Has anyone used MERIT granular? I have too much area to spray but granular can be applied much quicker.

Does it really stop JAP Beetles in the ground and systemically?


----------



## Stump Man (Feb 25, 2003)

*Merit Insecticide*

Do you know what the active ingredient is? I think I have used something like that.


----------



## CityUF (Feb 25, 2003)

Imidacloprid is the active ingredient. This stuff is supposed to be nice because of the low use rate. 
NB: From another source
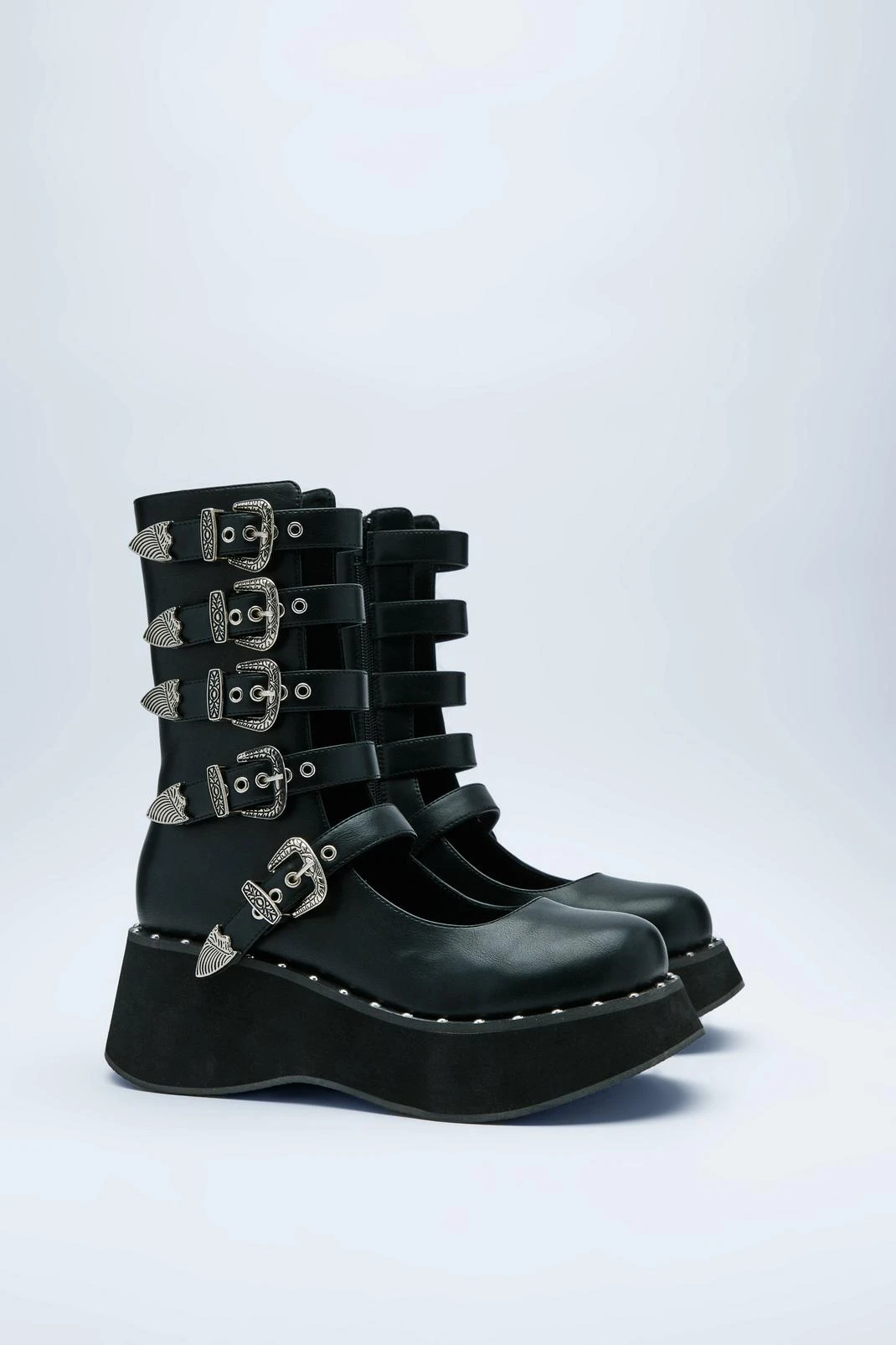 Step it up. Feel edgy in our ankle boots, made in a high quality faux leather, with buckle detailing and chunky platform soles. Pairs well with dresses and skirts, or can be worn under jeans for an instantly elevated look.

1/10th of Merit is comparable to Orthene or Sevin... I think

It's made by Bayer


----------



## John Paul Sanborn (Feb 25, 2003)

I've used Merit as a soil drench, and know some companies who swear by it for grub control. If I understand it right it interupts the molt cycle of the grub.


----------



## phasthound (Feb 27, 2003)

*Merit*

I have a lot of experiance with Merit WSP (not granular). It works wonders as a soil injection for Jap. Beetle, Birch leaf miners, Bronze birch borer, Holly leaf miners, White flies and Lacebugs. It may take a month or two for uptake to be complete. Foliar sprays are not as effective as soil injections. It is an expensive product if not used properly. I have found (as have others) that using Merit to control Hemlock Woolley Adegid can cause mite outbreaks.


----------



## CityUF (Feb 28, 2003)

I don't have the equipment for soil injection or large scale foliar spray... thats why I was thinking of granular. 

Might I be able to use a soil probe and a small measuring tool?

Should I soil drench from a 200 gallon water tank I have? 

My main concern is JAP Beetles... whiteflies, aphids, and scale are next on the list. I don't think scale is affected by MERIT but Orthene works on them if the timing is right

I guess any systemic is fine I just am looking into MERIT... I would prefer granular


----------



## phasthound (Feb 28, 2003)

You don't need large scale equipment to inject Merit. You can use a Koritz gun which is a self contained unit capable of holding enough mixed material for most applications. It will also deliver the precise measurement required. 
Merit is also in a chemical class by itself. If used properly, you will get outstanding results. One application in early Spring will last a year.
No, I am not a sales Rep. for Bayer.


----------



## Toddppm (Feb 28, 2003)

I've used it to treat lawn areas a few times and it reduced the numbers but they still fly in from neighbors. Have no idea if it's systemic to the grub itself you mean? As far as soil drench you don't need any tools but a bucket and shovel. You can mound up the dirt around the base of a tree to from a berm and pour your mix around and let it soak in.


----------